My client calls. That's always a good thing. You know that the conversation will lead to work, and that's a good thing, right? It also means that once again you will be called upon to create heroes. I was told we needed a double page spread and perhaps a cover image. That is a fairly daunting request considering that what I was given as a subject was not particularly visually dynamic. As I have often said, that seems to be what photographers do more than anything else. This time, I was asked to make something visually heroic from a fairly basic machine in tin shed. The machine saves tens of thousands of litres of water each day, which is a great thing in a drought ridden country. However, it in itself is a fairly basic looking piece of equipment in an even more basic context.
I think it is here that photographers earn their real keep. My client had already taken some photographs and sent them to me. Clearly they were not dynamic enough to use in their magazine, so I was called, and yes, I had to earn my keep.
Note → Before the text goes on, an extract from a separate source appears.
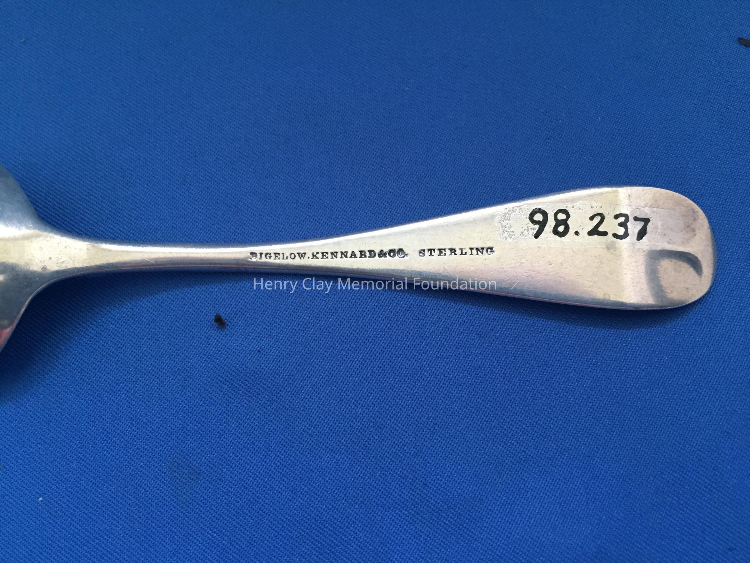 Sterling with deep bowl. Engraved "C" at top front of handle. Stamped "Bigelow, Kennard & Co." on back.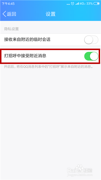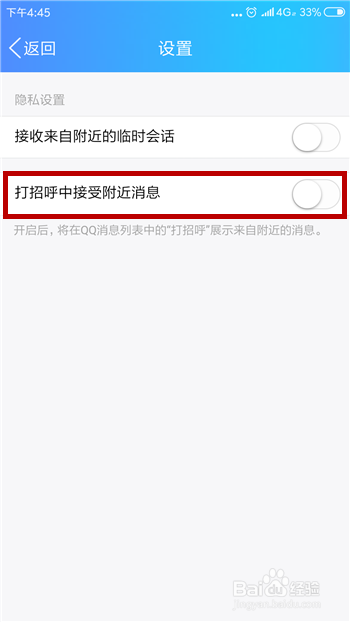 点击后即可封闭打号召接收动静功能,如许大师就接收不到四周的人打号召动静了。

So, using a combination of my personal vision, experience and equipment, I managed to create images within this context that were more visually dynamic while also keeping to the editorial. Therein is where photographers work their way into the hearts and chequebooks of their clients.
Successful professional photography is not about photographing beautiful swimsuit models on tropical beaches. Well, sometimes it is, but lets face it - you have a pretty good head start there. Photographers who can make something from nothing are valued by their clients. In this regard I know I have several clients who turn to me when this is needed.
Apparently they get the other guys to shoot the swimsuit models. Where did I go wrong?